YOUR TASK: Word for word, reproduce all entries below, leaving every picture out.
GIVEN DATA section start
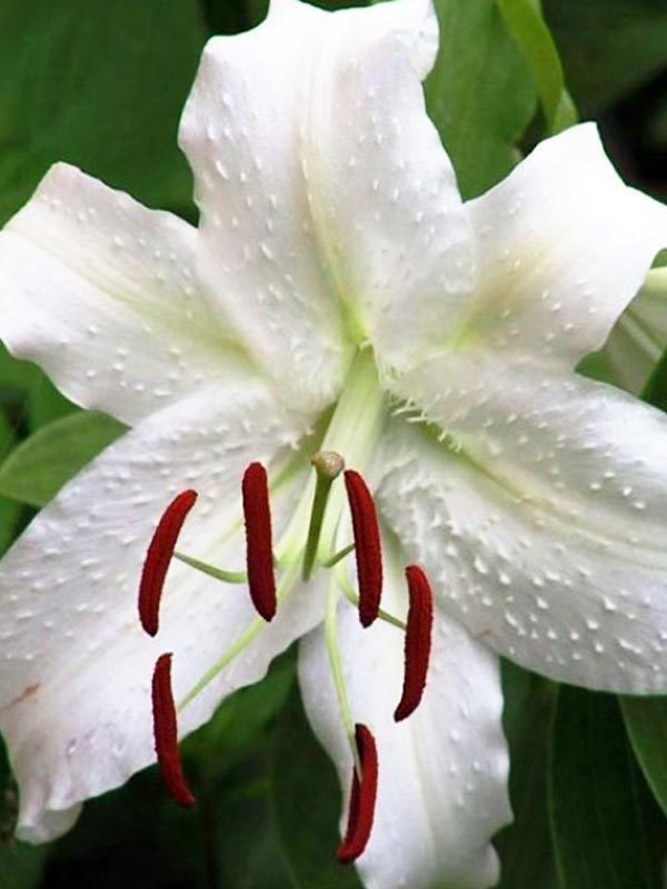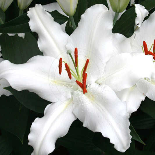 НОВИНКА Величественный цветок с чисто-белыми волнистыми лепестками. Известен своим потрясающим, сладким ароматом и крупными (в диаметре до 25 см), эффектными цветками. Высота растения - до 110 см.
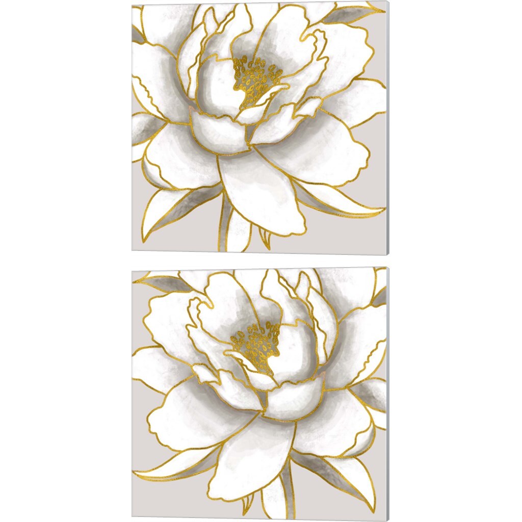 Gold Peony by Elizabeth Tyndall 14" x 14" Canvas Wall Art (Set of 2)
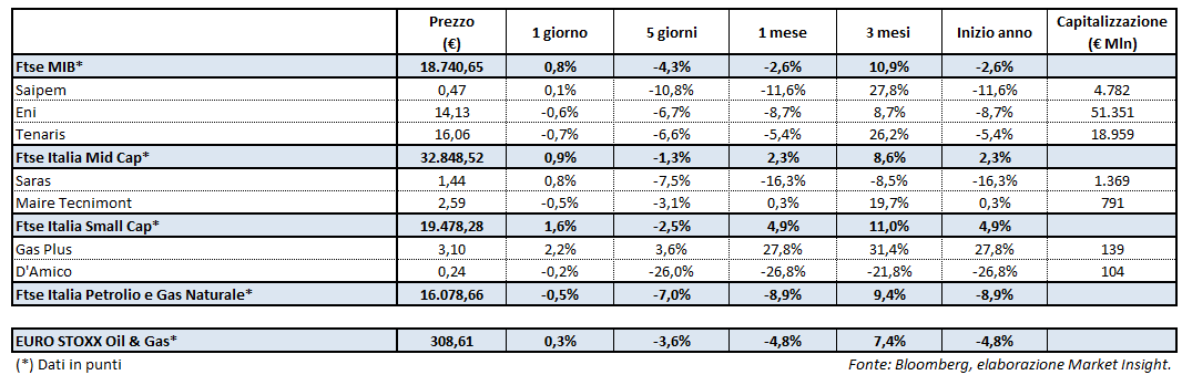 Tutte in positivo le borse europee ad esclusione del PSI 20 in lieve flessione. Piazza Affari segna un rialzo beneficiando soprattutto della performance dei bancari. Il Ftse Mib chiude a 18.740,65 punti (+0,8%). Il Ftse Italia Petrolio e Gas Naturale archivia la seduta a 16.078,66 punti (-0,5%) e l’Euro Stoxx oil&gas è a 308,61 punti (+0,3%).
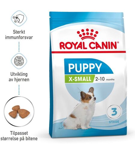 Egenskaper Valpefôret inneholder en eksklusiv kombinasjon av næringsstoffer som styrker immunforsvaret og forbedrer fordøyelsen med LIP-proteiner og prebiotika som gir en balansert mage- og tarmflora. Svært små raser er mer utsatt for forstoppelse. Et balansert fiberinnhold bedrer passasjen gjennom tarmen og bidrar til avføring med bedre konsistens. Fôret hjelper også med å redusere tannsteindannelse, takket være næringsstoffene som binder kalsium i spytt. Rasjonering Se detaljert rasjonering på pakken. Rasjoneringen til høyre brukes til å beregne forbruk ved abonnering på fôr Bruk Fôr for 2–10 måneder gamle valper med en voksenvekt på under 4 kg ...
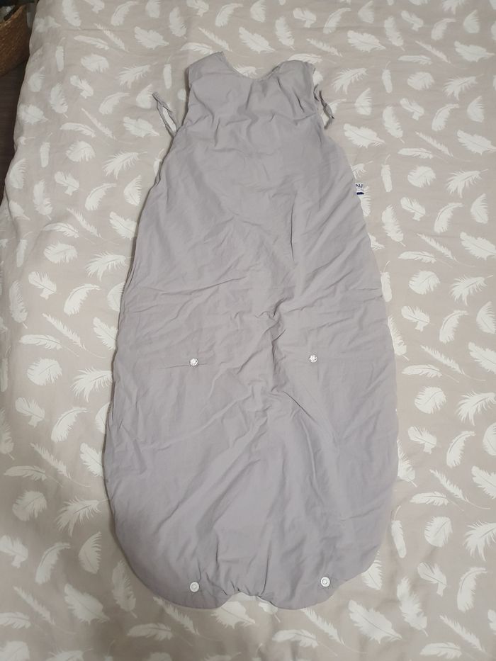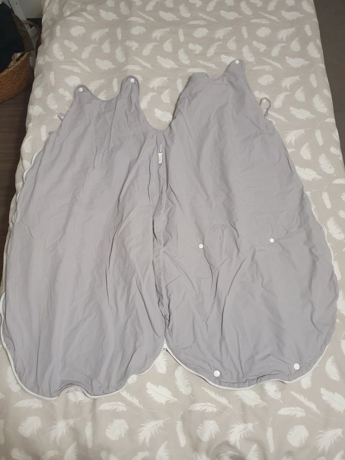 A servi pour mes 2 enfants. Mais reste en bon état. Pas de tâches ni trous. On peu replier le bas pour les nourissons. Taille 6/18mois. Grise et blanche.
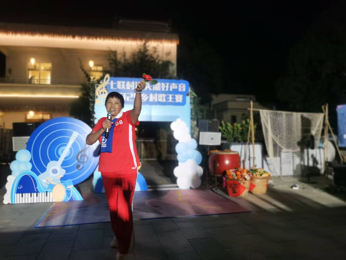 決賽當晚定在七夕,七夕情暖,鄉(xiāng)情亦溫馨。由村黨總支書記林志恒、村兩委委員及村小組長組成專業(yè)評委團,30位村民穿上齊整的紅色運動服、拿著喝彩投票的熒光棒,組成大眾評委團,共同見證了這場屬于鄉(xiāng)村的“民星之夜”。
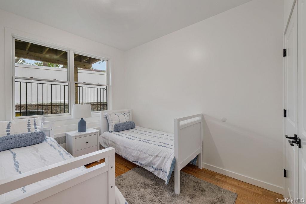 - Bedroom with light wood-style floors and baseboards
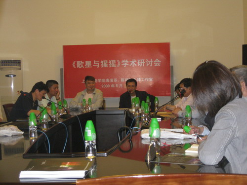 5月20日下午1:30,表演系06级音乐剧班实习大戏《歌星与猩猩》学术研讨会在佛西楼会议室召开。主持工作副院长韩生,表演系系主任龙俊杰、党支部书记张生泉、副系主任何雁,有关专家陈明正、张仲年、陈加林、刘志新,上海话剧艺术中心杨绍林、周小倩,以及《歌星与猩猩》编剧赵耀民、导演洪彬、作曲张博和表演系06级音乐剧班全体同学,一同出席了研讨会。研讨会由何雁老师和洪彬老师共同主持。
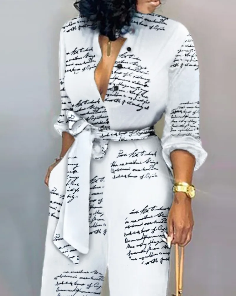 Женский Повседневный комбинезон с длинным рукавом и надписью
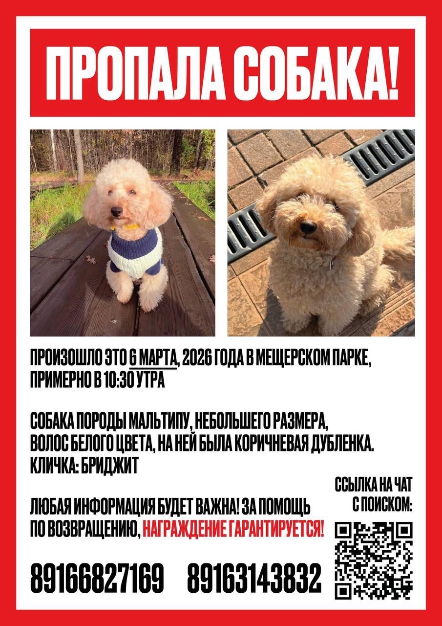 ⚠️ Пропал(а) собака 📍 Москва, Мещерский парк 6 марта, 2026 года 🚨..
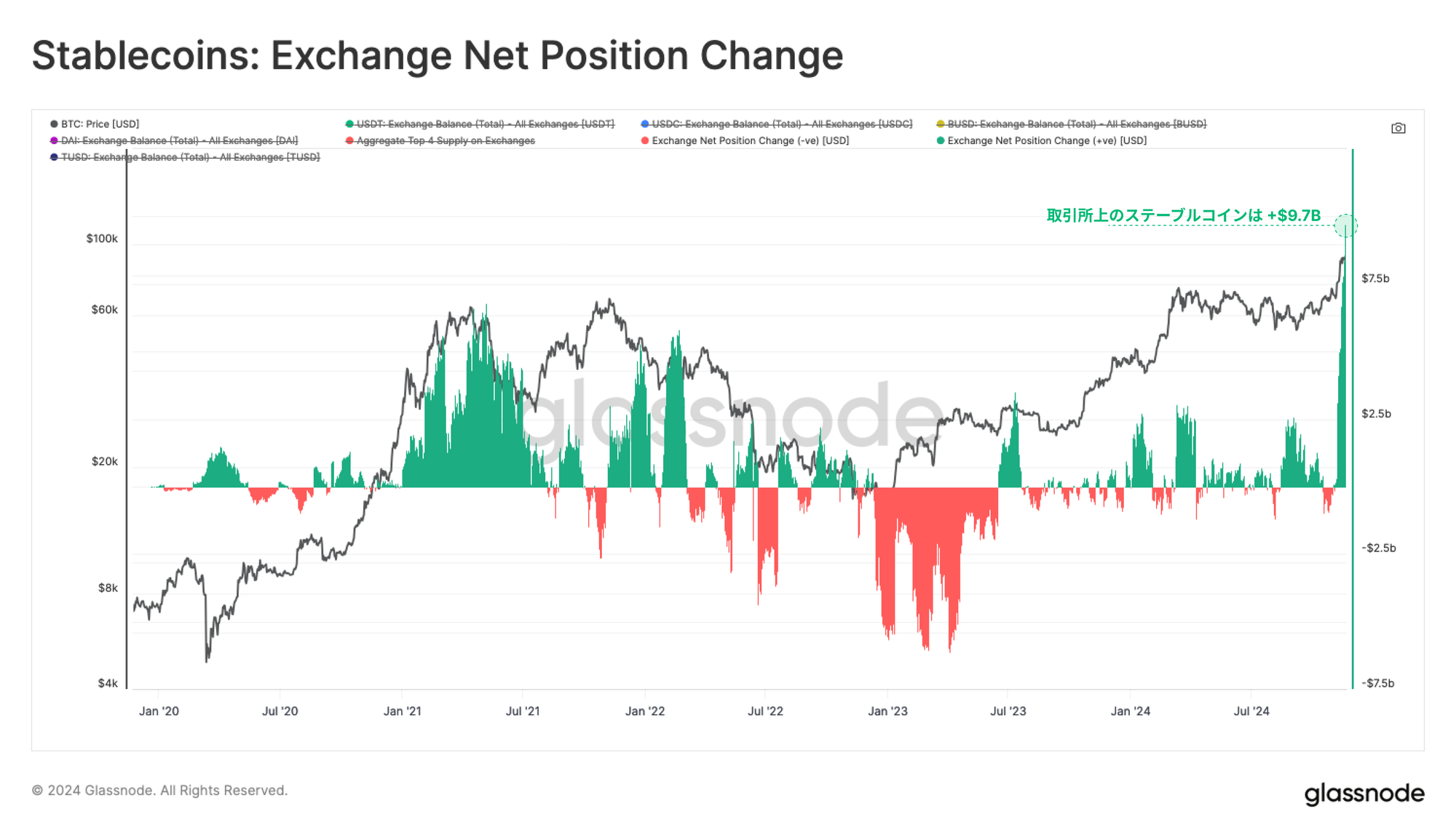 取引所におけるステーブルコイン残高の増加は、投資家がトレンドを活用しようとする強い投機的需要を反映しており、強気の見方や選挙後の勢いをさらに強めている。
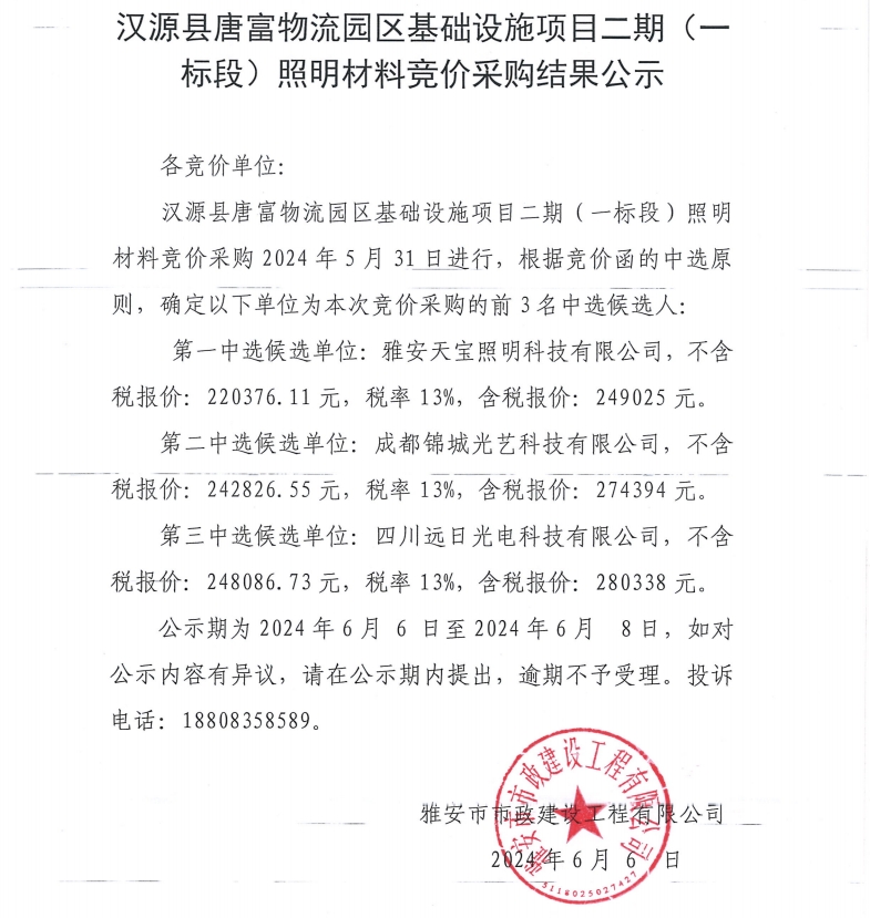 漢源縣唐富物流園區(qū)基礎(chǔ)設(shè)施項(xiàng)目二期(一標(biāo)段)照明材料競(jìng)價(jià)采購結(jié)果公示
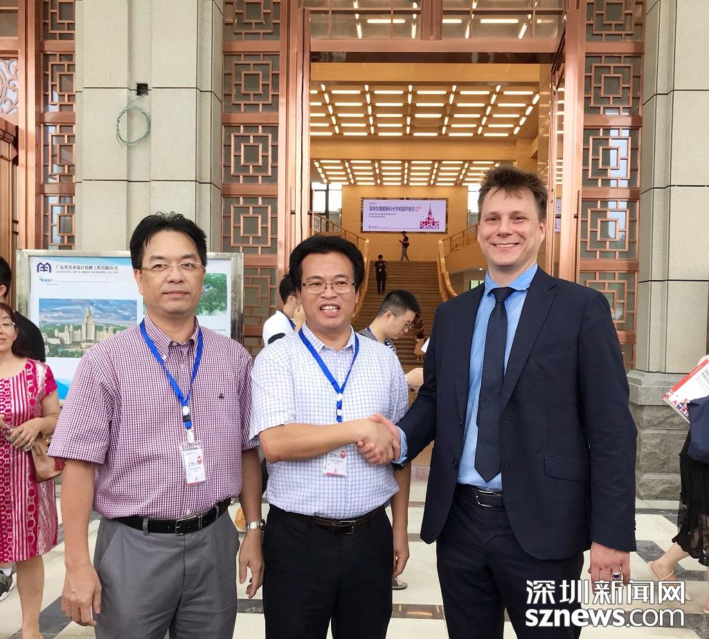 左起:深北莫党委书记、副校长陆万伟,深北莫代理校长唐水源及副校长阿列克谢·塔拉索夫合照
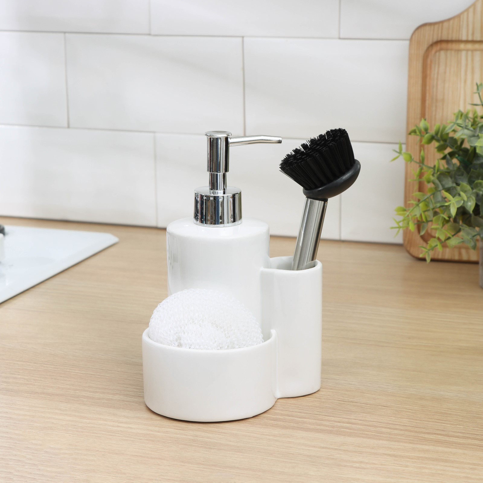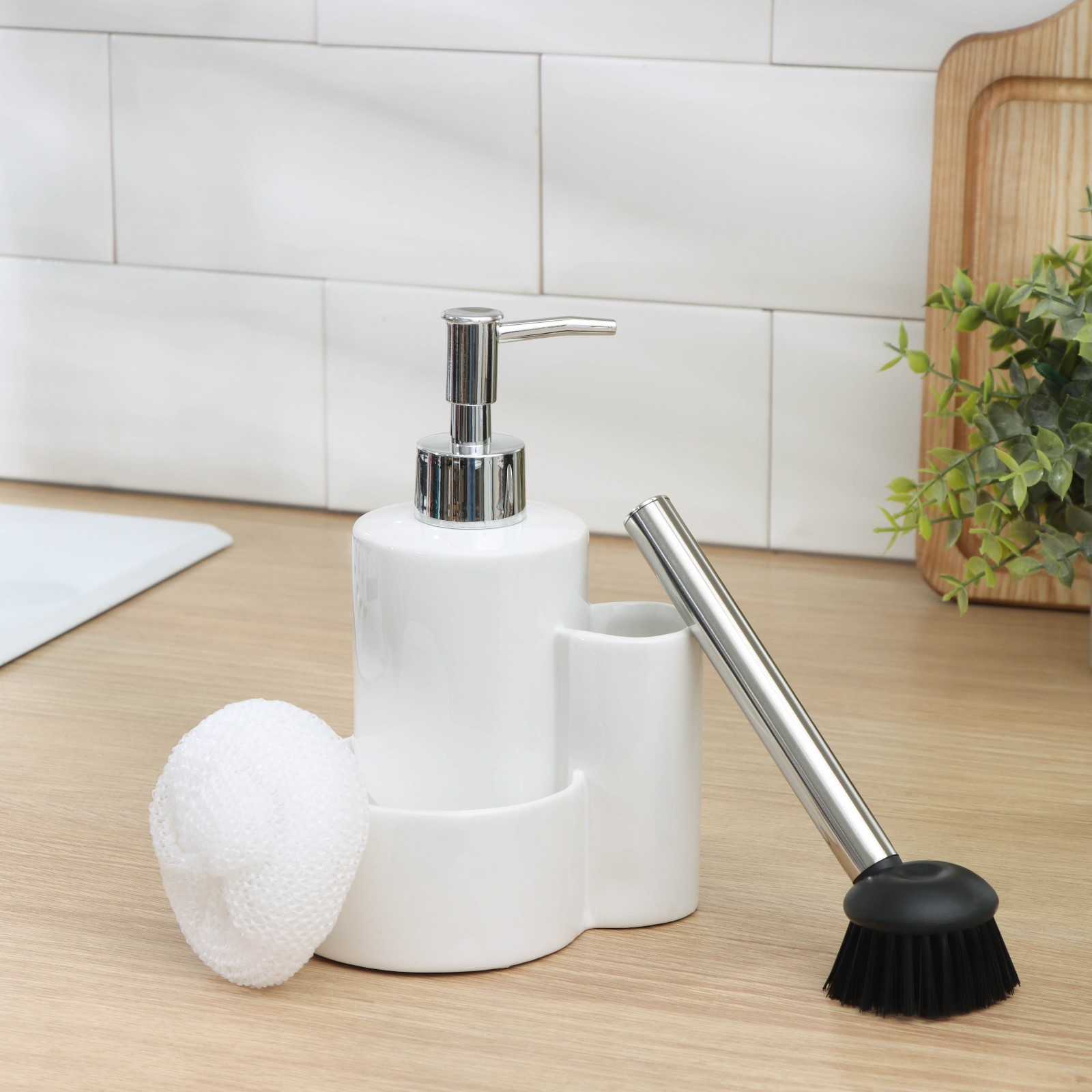 Дозатор для моющего средства доляна «милитари», 370 мл, с губкой и щёткой, цвет белый. Цвет: Белый Объём, мл: 370 Тематика: Однотонная Материал: Керамика Наличие губки/щётки: Да Настенные: Нет Запрет реализации по сегментам: 00000000485  развернуть описание ▼
GIVEN DATA section end
RESULT BELOW:
 НОВИНКА Величественный цветок с чисто-белыми волнистыми лепестками. Известен своим потрясающим, сладким ароматом и крупными (в диаметре до 25 см), эффектными цветками. Высота растения - до 110 см.
 Gold Peony by Elizabeth Tyndall 14" x 14" Canvas Wall Art (Set of 2)
 Tutte in positivo le borse europee ad esclusione del PSI 20 in lieve flessione. Piazza Affari segna un rialzo beneficiando soprattutto della performance dei bancari. Il Ftse Mib chiude a 18.740,65 punti (+0,8%). Il Ftse Italia Petrolio e Gas Naturale archivia la seduta a 16.078,66 punti (-0,5%) e l’Euro Stoxx oil&gas è a 308,61 punti (+0,3%).
 Egenskaper Valpefôret inneholder en eksklusiv kombinasjon av næringsstoffer som styrker immunforsvaret og forbedrer fordøyelsen med LIP-proteiner og prebiotika som gir en balansert mage- og tarmflora. Svært små raser er mer utsatt for forstoppelse. Et balansert fiberinnhold bedrer passasjen gjennom tarmen og bidrar til avføring med bedre konsistens. Fôret hjelper også med å redusere tannsteindannelse, takket være næringsstoffene som binder kalsium i spytt. Rasjonering Se detaljert rasjonering på pakken. Rasjoneringen til høyre brukes til å beregne forbruk ved abonnering på fôr Bruk Fôr for 2–10 måneder gamle valper med en voksenvekt på under 4 kg ...
 A servi pour mes 2 enfants. Mais reste en bon état. Pas de tâches ni trous. On peu replier le bas pour les nourissons. Taille 6/18mois. Grise et blanche.
 決賽當晚定在七夕,七夕情暖,鄉(xiāng)情亦溫馨。由村黨總支書記林志恒、村兩委委員及村小組長組成專業(yè)評委團,30位村民穿上齊整的紅色運動服、拿著喝彩投票的熒光棒,組成大眾評委團,共同見證了這場屬于鄉(xiāng)村的“民星之夜”。
 - Bedroom with light wood-style floors and baseboards
 5月20日下午1:30,表演系06级音乐剧班实习大戏《歌星与猩猩》学术研讨会在佛西楼会议室召开。主持工作副院长韩生,表演系系主任龙俊杰、党支部书记张生泉、副系主任何雁,有关专家陈明正、张仲年、陈加林、刘志新,上海话剧艺术中心杨绍林、周小倩,以及《歌星与猩猩》编剧赵耀民、导演洪彬、作曲张博和表演系06级音乐剧班全体同学,一同出席了研讨会。研讨会由何雁老师和洪彬老师共同主持。
 Женский Повседневный комбинезон с длинным рукавом и надписью
 ⚠️ Пропал(а) собака 📍 Москва, Мещерский парк 6 марта, 2026 года 🚨..
 取引所におけるステーブルコイン残高の増加は、投資家がトレンドを活用しようとする強い投機的需要を反映しており、強気の見方や選挙後の勢いをさらに強めている。
 漢源縣唐富物流園區(qū)基礎(chǔ)設(shè)施項(xiàng)目二期(一標(biāo)段)照明材料競(jìng)價(jià)采購結(jié)果公示
 左起:深北莫党委书记、副校长陆万伟,深北莫代理校长唐水源及副校长阿列克谢·塔拉索夫合照
 Дозатор для моющего средства доляна «милитари», 370 мл, с губкой и щёткой, цвет белый. Цвет: Белый Объём, мл: 370 Тематика: Однотонная Материал: Керамика Наличие губки/щётки: Да Настенные: Нет Запрет реализации по сегментам: 00000000485  развернуть описание ▼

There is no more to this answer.